# Looks like I am back again!



## Glowstar

Well ladies.....it looks like I might be back...AGAIN!!!

OK so MC on the 17th June at 6 weeks and D&C with blood transfusion on 18th June.....no AF since.

I am totally crapping myself!!! I have felt weird for a couple of days....neck ache for about 4 days and swear my nipples are like they were when they were pregnant..even other half commented that they looked like saucers!! So I go to the shops this afternoon and wander into poundland and pick up some HPT's for the next time we are seriously trying...2 for a £1...strip tests 25miu sensitivity. Great for a POAS addict.

So I get home at 4.00pm and decide to go to the loo.....only 9dpo and pee'd in a cup....I know...bad girl right!!! so I dip the cheapie strip and sit on the loo watching the dye run through it and I swear I see a faint line remember just over a week ago I did a 10miu IC to make sure I had def ovulated and the HCG was completely out my system and got a complete stark white BFN. I had a couple of digi's in the draw....so decided what the hell put yourself out of your misery...will say 'not pregnant', other test is prob an evap etc etc...this is what I got...

https://i1110.photobucket.com/albums/h457/glowstar71/9dpo25miu160711-1.jpg

https://i1110.photobucket.com/albums/h457/glowstar71/digi9dpo16711.jpg


----------



## BeachComber

Oh yes I see that line quite clearly!!!! :thumbup:CONGRATS to you!!! H & H Nine Months to you too!! :hugs::hugs:


----------



## Garnet

Congrats and digitals are usually accurate... Good Luck!


----------



## Wind

Congratulations!! :happydance:


----------



## herbie

massive congrats hunni xxxxxxx welcome back xxxxxx


----------



## pip7890

:wohoo:

Pip x


----------



## Storm1jet2

YES!!!!!!!!!!!!!!!!


----------



## Andypanda6570

:happydance::happydance::happydance::happydance::dust::dust::dust::dust::dust::dust::dust::dust::dust::dust::dust: I wish you so much love and luck..What wonderful news and you give me hope.. XOXOXO Congrats!! :hugs:


----------



## Omi

OMG, fab news hun!! elcome back and tons of good luck and sticky :dust: coming your way!! 

:hug: xxx


----------



## Glowstar

Thanks Ladies....I am panicking to be honest.
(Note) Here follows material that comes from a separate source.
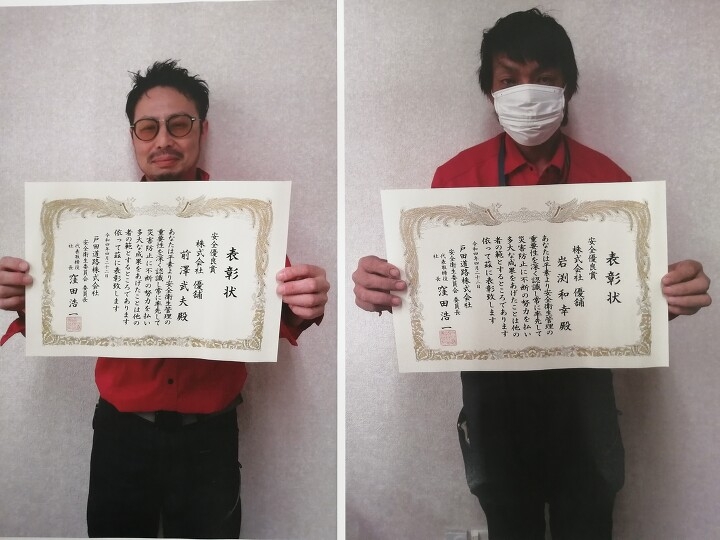 会員社員の部、それぞれで安全優良表彰を受賞致しました。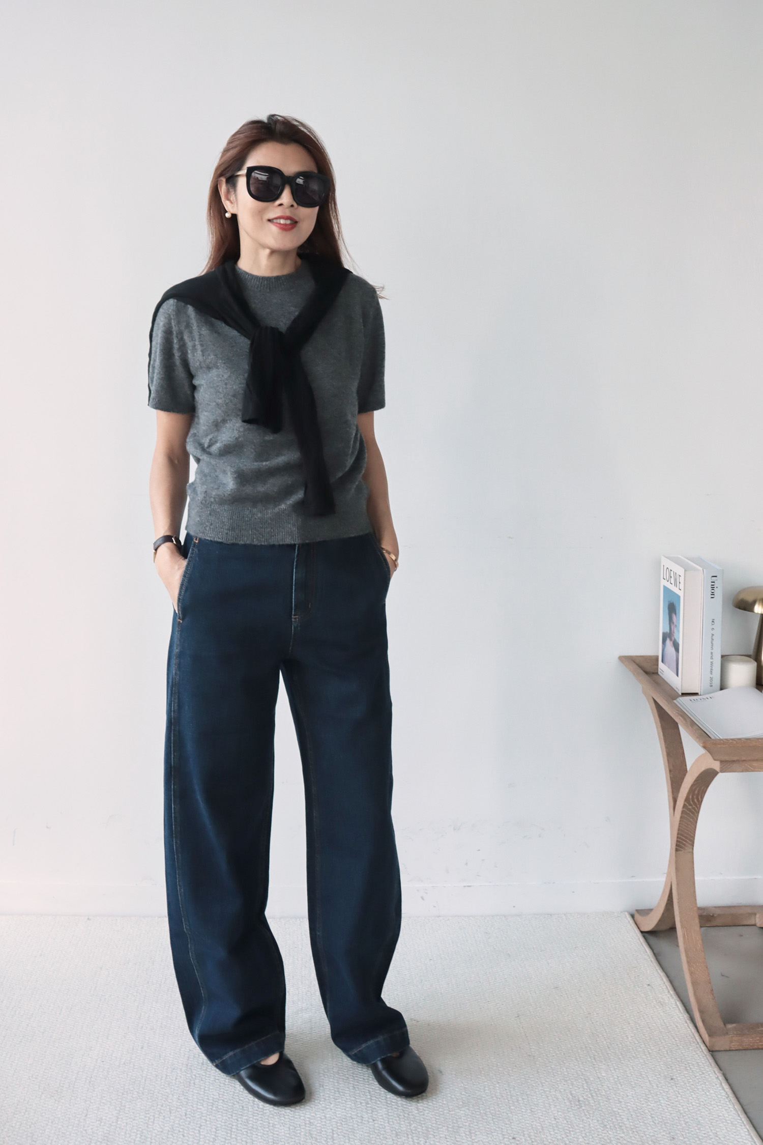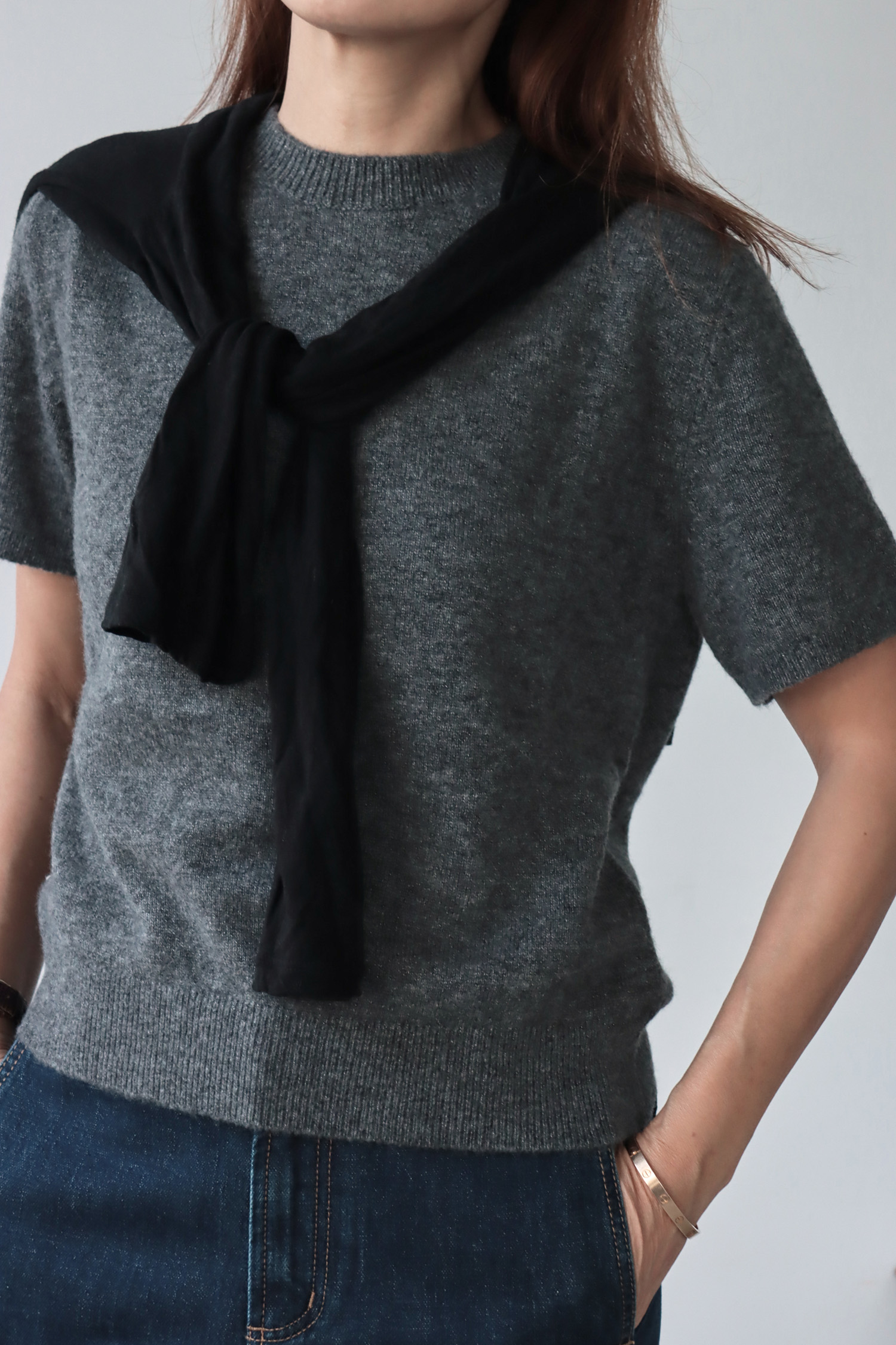 ・這款短袖上衣採用 75% 喀什米爾與 25% 桑蠶絲混紡絨感細軟紗線,觸感親膚柔軟,不刺癢,帶來極佳的舒適度。微鬆身版型順身不貼身,穿起來俐落有精神,短袖設計無論單穿或疊穿都適合,提升穿搭的多樣性與層次感。摻色混織紗線為整體增添視覺層次,而螺紋包邊細節則提升耐穿度,使衣身持久挺拔,兼具實用性與精緻質感。

I keep questioning that BFN I had and wondering wether it was wrong :nope: and maybe it is HCG left over :wacko:

I really need to see the tests getting darker to truly believe it :nope:


----------



## kirmal12

Congratulations :happydance:


----------



## Desperado167

:wohoo:::wohoo::wohoo::wohoo::wohoo:


----------



## kosh

congrats!! :happydance: :happydance:


----------



## Claireyb1

That's great news! welcome back.
xxx


----------



## Glowstar

Thanks for the warm welcome ladies.

Well I have been fretting all day so when I came home I had a look in the bedroom bin and voila....here is my neg HPT from the 9th July....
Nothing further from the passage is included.